5. FINANCIAL INSTRUMENTS

Financial instruments are agreements between two parties that result in promises to pay or receive cash or equity instruments. The carrying values of accounts receivable and accounts payable and accrued liabilities approximate their fair values due to their short term to maturity.

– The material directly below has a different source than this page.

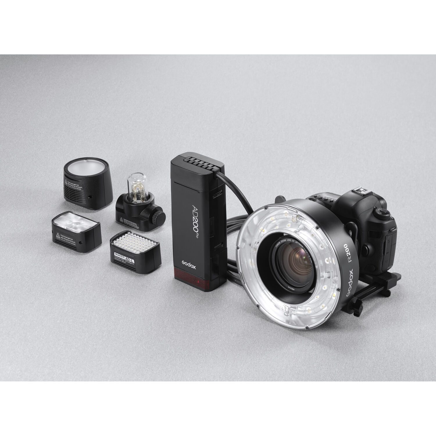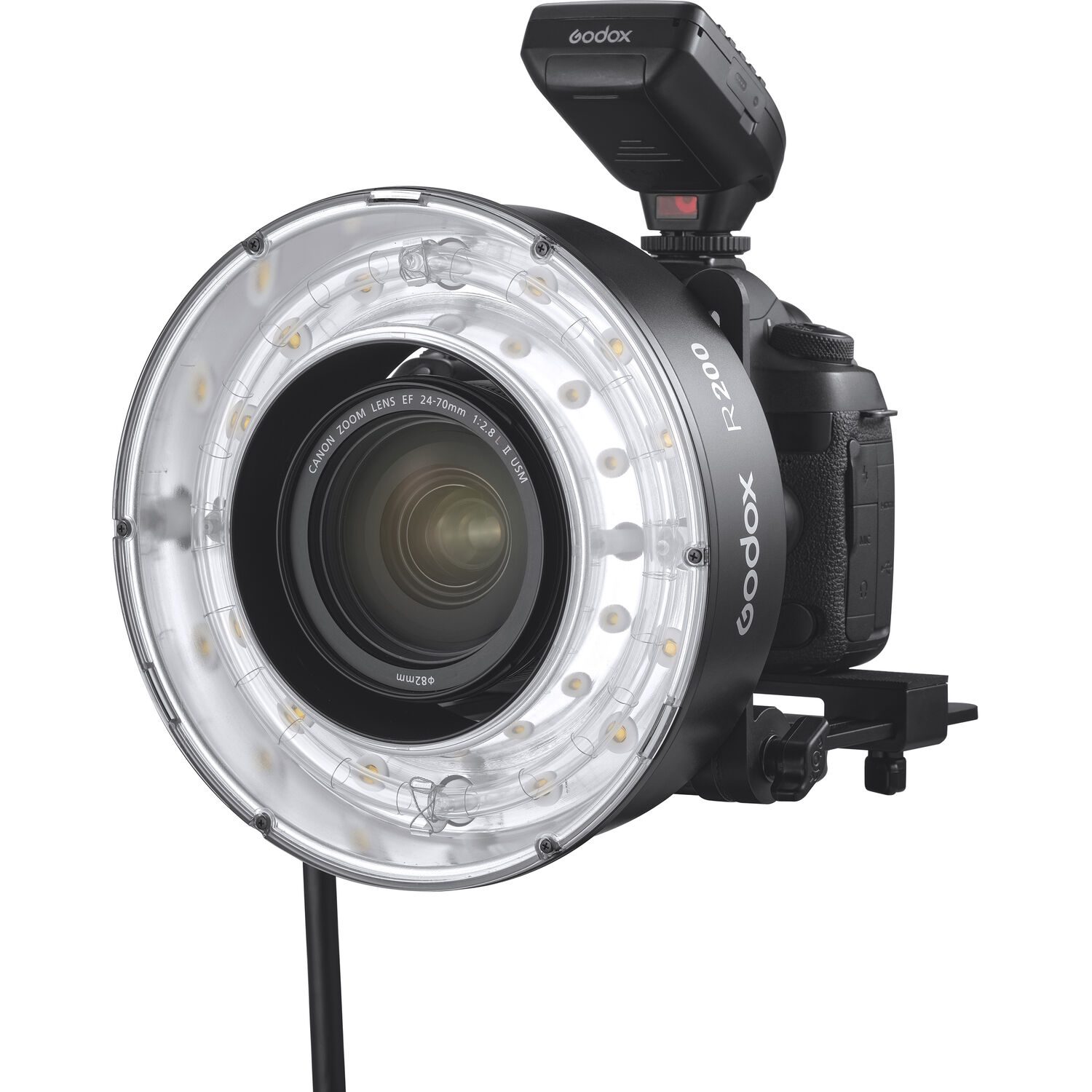 Το Godox R200 είναι μια κεφαλή Ring Flash έντασης 200Ws συμβατή με τα δημοφιλή Godox AD200 / AD200Pro φορητά studio flash. Είναι μια εξαιρετικά χρήσιμη προσθήκη στο σύστημα του AD200, ιδανική για φωτογράφιση πορτραίτου, μόδας, hair styling, tattoo, macro.

The Company has exposure to the following risks from its use of financial instruments:

• Credit risk;

• Liquidity risk; and

• Market risk.

(a) Credit risk

Credit risk is the risk that one party to a financial instrument will cause a financial loss for the other party by failing to discharge an obligation. Cash and cash equivalents are placed with major Canadian and US financial institutions and the Company’s concentration of credit risk for cash and maximum exposure thereto is $4,418,236 (2018 - $1,246,244).

17


KELSO TECHNOLOGIES INC.

Notes to Consolidated Financial Statements

For the years ended December 31, 2019, 2018 and 2017
(Expressed in US Dollars)

 

5. FINANCIAL INSTRUMENTS (Continued)

(a) Credit risk (Continued)

With respect to its accounts receivable, the Company assesses the credit rating of all customers and maintains provisions for potential credit losses, and any such losses to date have been within management’s expectations. The Company’s credit risk with respect to accounts receivable and maximum exposure thereto is $1,824,563 (2018 - $1,224,235). The Company’s concentration of credit risk for accounts receivable with respect to its significant customers is as follows: Customer A is $476,341 (2018 - $271,564), Customer B is $172,841 (2018 - $161,556) (Note 15). The Company has provided for an allowance for doubtful accounts amounting to $Nil at December 31, 2019 (2018 - $27,653).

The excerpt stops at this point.